Here is an excellent point made by commenter Glen Tomkins at Matthew Yglesias’ blog:
Predictive polling is forced to rely on biased sampling, because only a small fraction of the likely voters whose names are pulled from the hat can be contacted and/or agree to participate. If this small percentage were a random sample, it is true that all we would have to worry about would be the random variance. But it isn’t a random sample, people are filtered out or in based on their attitudes towards answering polls, when they’re home to answer the phone, etc.
Random sampling only works reliably on events that are periodic or that occur according to a random probability distribution!
If every voter determined their choice by rolling a dice, or picking the candidate round robin according to their order entering the voting building, the polling would work perfectly!
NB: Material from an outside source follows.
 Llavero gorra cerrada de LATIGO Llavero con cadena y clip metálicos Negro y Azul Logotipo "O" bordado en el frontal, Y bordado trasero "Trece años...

Polling is a psychological one and the idea that you can somehow magically use random sampling for nonrandom nor non-periodic events, is the problem.
Combine this notion with record primary turnouts and a lot of very committed, but angry Democratic electorate looking at the first African American and woman who have a legitimate shot at being nominated to a major party ticket, and you can see why the primary polls seem to swing so wildly. The constituencies are not mutually exclusive so you have some competing loyalties and that makes for difficult sampling.
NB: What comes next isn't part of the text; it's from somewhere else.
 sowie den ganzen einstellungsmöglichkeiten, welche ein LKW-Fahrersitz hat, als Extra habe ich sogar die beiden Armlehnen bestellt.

Gary Langer, director of polling for ABC News wants to look at the data before making any pronouncements.
But we need to know it through careful, empirically based analysis. There will be a lot of claims about what happened – about respondents who reputedly lied, about alleged difficulties polling in biracial contests. That may be so. It also may be a smokescreen – a convenient foil for pollsters who’d rather fault their respondents than own up to other possibilities – such as their own failings in sampling and likely voter modeling.